On another account, the whole brain, the 3 pounds of matter developing physical and chemical processes through time, this blob of matter is actually a piece of quantum computing program that runs in a huge quantum computer commonly known under the name "The Universe". But I do not think that running of all these chemical and physical processes has much to do with the consciouseness, our thoughts or what our hands eventually do as a result of thoughts. For example, when I put my head in 3 Tesla magnetic field for purpose of NMR I felt nothing and my thoughts and limbs certainly did not go berserk. But you can imagine that all spins and orbits were quite different from what they would be without the magnetic field. So at the level of Hameroff & Penrose's quantum information "calculation", things can go in infinitely many different paths without any consequence to the line of thoughts in the brain or anything else that we care about in this thread. Also note that at the time when Penrose and the other guy gave their thesis not only neurologists but much less physicists  had a faintest clue what is going on in the brain. Since then many thesis have been reversed 180 degrees: for example the dogma that neurons cannot be regenerated nor created at an older age. Still today we are only at the beginning of understanding brain. The number of questions rises faster than the number of answers. 

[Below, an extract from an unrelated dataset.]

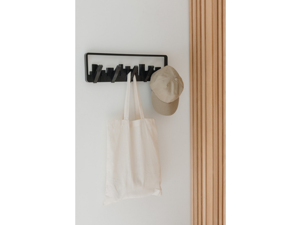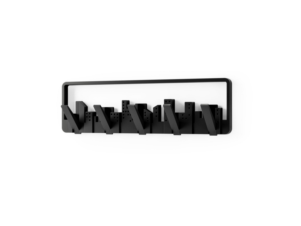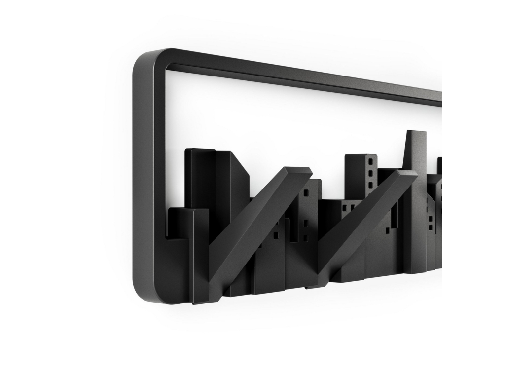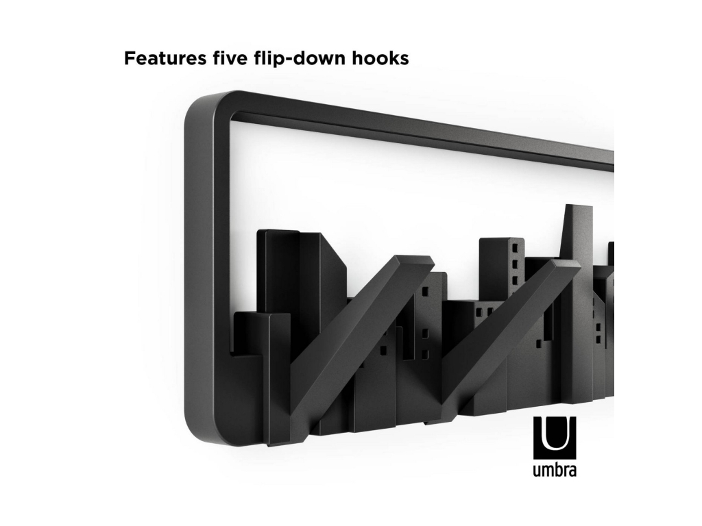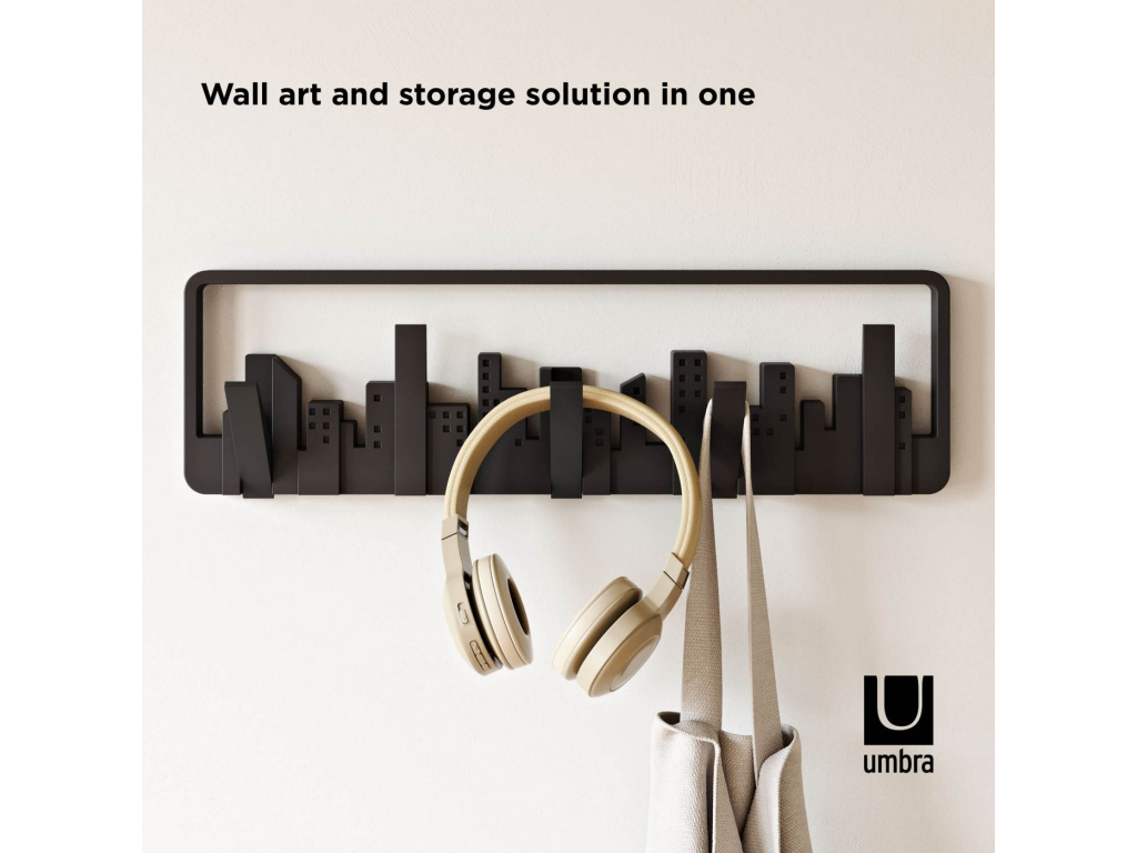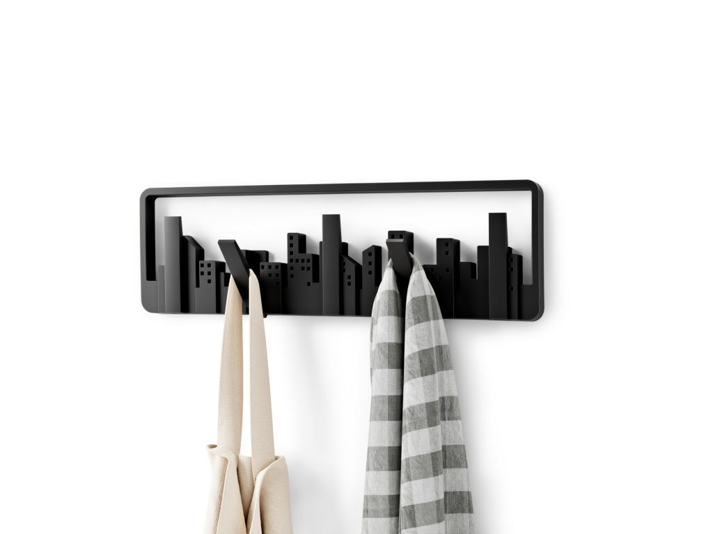 Umbra Skyline Multi Hook je praktický i dekorativní nástěnný věšák inspirovaný městskou architekturou. Na první pohled působí jako umělecký obraz se siluetou města, ale po sklopení se promění v pět pevných háčků pro kabáty, tašky, šály či doplňky. Každý háček unese až 2,3 kg (5 lbs), což z něj dělá ideální řešení pro předsíně, kanceláře, ložnice či dětské pokoje. Vyroben z recyklovaných plastů s důrazem na dlouhou životnost a šetrnost k přírodě.

Going back for the moment to the free will, I always thought that claim that quantum information processing would yield the free will because it contains randomness is irritatingly naive. First of all to have randomness you do not need much quantum information processing, only a measurement of it (i.e. projection to an eigenstate). Secondly, if randomness is a crucial ingredient of free will then why a robot equipped with a quantum random number generator (QRNGs can be small and battery operated) cannot have a free will?  Finally. if every time you must bring a decision you MUST throw a dice and do what IT says, would you consider yourself a free-will person or a slave? I think there is much more to free will than randomness. 

the point about MRI is worth citing -- nuclear spins are irrelevant. the relevant energy is mechanical -- the same 8MHz in which the tubules vibrate. Hameroff makes claims based on experiments that ultra-sound affects mood.

in this venue i'll skip the free will problem or for that matter the "hard problem" -- that it is a special niche saved for philosophers --  but i find it hard to dismiss the tubules' 

Asher,

Let me note that showering with warm water does affect mood too and that the average frequency of the thermal field is even much higher than that of ultrasound or microtubules vibration: about 1E12 Hz. However, I'd say that none of this has anything to do with microtubules but with shear transfer of energy to the body, just if someone steps on your foot. Besides, microtubules exist in ANY cell, not only neurons. So you have them in your foot too. 

@Mario, please explain the THz thermal field to a novice.  other than that stay safe, don't let the water wet your microtubules -- remember it's an emergent property of water. also keep your foot work for basketball.